Roll, river, roll! Come take me away with you. My heart keeps hopin’ that where you’re goin’ Is where I’m goin’, too! Roll, river, roll! Keep churnin’ inside of me When you start rollin’, my dreams start growin’ So Lonely River roll!
They say that river sings And tells of dreams and things when you listen Oh so closely And I can hear my name … I can hear that song it sings oh so softly … Oh, Lonely River! BOTH: Roll, river, roll! Come take me away with you. My heart keeps hopin’ that where you’re goin’ Is where I’m goin’, too! Roll, river, roll! Keep churnin’ inside of me When you start rollin’, my dreams start growin’ So Lonely River roll! LINCOLN: A river rolls alone Got no ending, got no home but it’s rollin’ Oh so surely. Won’t you share my dream Oh won’t you take me down your stream, oh river… Oh, Lonely River! BOTH: Roll, river, roll! Come take me away with you. My heart keeps hopin’ that where you’re goin’ Is where I’m goin’, too! Roll, river, roll! Keep churnin’ inside of me When you start rollin’, my dreams start growin’ So Lonely River roll!
LINCOLN: (as the music continues under) I can’t remember ever feelin’ quite this good, Miss Ann. ACTRESS I: Nor I, Mr. Lincoln. LINCOLN: That young man you love is the luckiest fella in this town. ACTRESS I: I thank you. And I cannot wait to run and tell him right now … just how I feel! (she begins to exit) LINCOLN: But Miss Ann … ACTRESS I: Oh! I didn’t tell you his name! It’s John! Mr. John McNeil! (and she exits) LINCOLN: (sings) A river rolls alone Got no ending, got no home but it’s rollin’ Oh so surely. Won’t you share my dream Oh won’t you take me down your stream, oh river… Oh, Lonely River!

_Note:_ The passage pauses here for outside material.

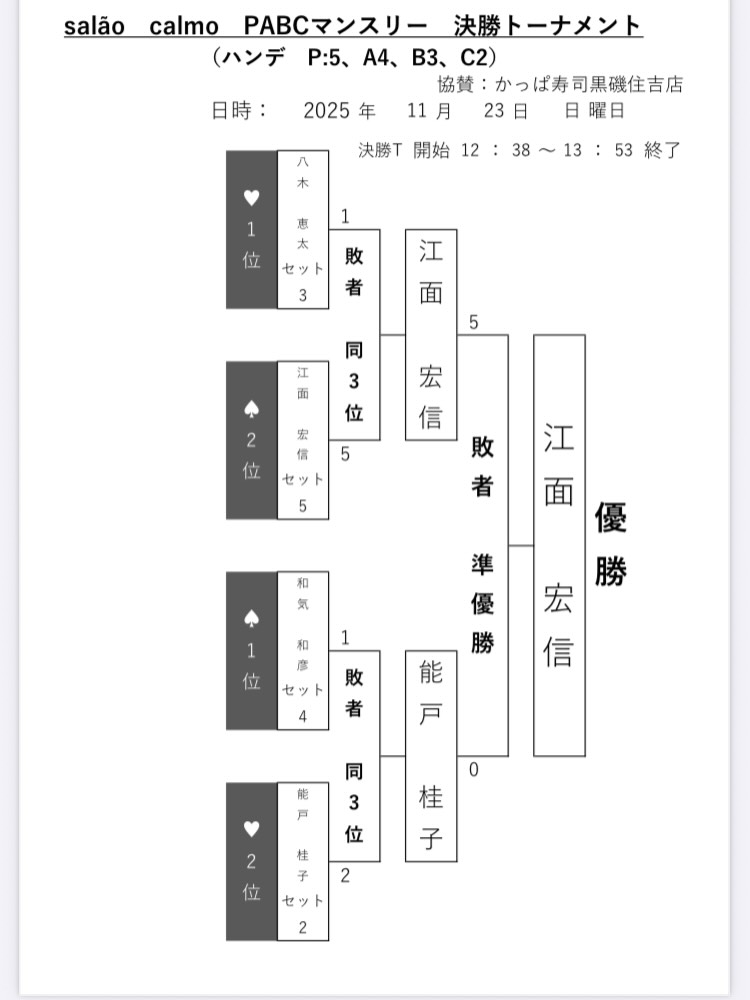 こんにちは 第19回サラオンカルモPABCマンスリーの結果を 写真にて、お知らせ致します。 参加者の7名の皆さま方、お疲れ様でした☆

Roll, river, roll! Come take me away with you. My heart keeps hopin’ that where you’re goin’ Is where I’m goin’, too! Roll, river, roll! Keep churnin’ inside of me ... (and as the music continues, Lincoln cannot. He slowly lowers his head as the lights dim out)
ACTOR I: (enters) Abraham Lincoln! LINCOLN: Right here. Oh, hello there, Ferguson. ACTOR I: I need someone who can write, legal like, to prepare me a bill of sale. I’m gonna sell the ferry business. LINCOLN: You just bought it in October. ACTOR I: That’s right. And now I’m gonna sell it. Will you draw up a paper or not? LINCOLN: Be glad to help. (talks as he gets out paper and pen) That reminds me, John, of a fella that came in here not too long ago. Asked real loud like if’n there was anyone who could write. I told him I could. He said he wanted to write a letter to the clumsiest man in the county, Abraham Lincoln. I told him I was Abraham Lincoln. He said, “Good, that’ll just save me a piece of paper.” He went on, “Everbody used to make fun of me for bein’ so awkward until you came along, and I just wanted to thank you.” (they laugh at this really funny story) Just tell me what you want in this. ACTOR I: I want to sell the ferry business to Alexander Trent for $35. LINCOLN: (takes paper and pen, scratches for a few minutes, then) How ‘bout this: “Know all men by these present that I, John Ferguson, for and in consideration of the sum of $35 have given, granted, bargained and sold all my right and title to the New Salem ferry in Sangamon County unto Alexander Trent. In testimony whereof, I have hereunto set my hand this 25th of January, 1832.” ACTOR I: (whistles, then) You’re a born lawyer, Lincoln. You’ve charged me two bits and I didn’t understand a word of it. (fade)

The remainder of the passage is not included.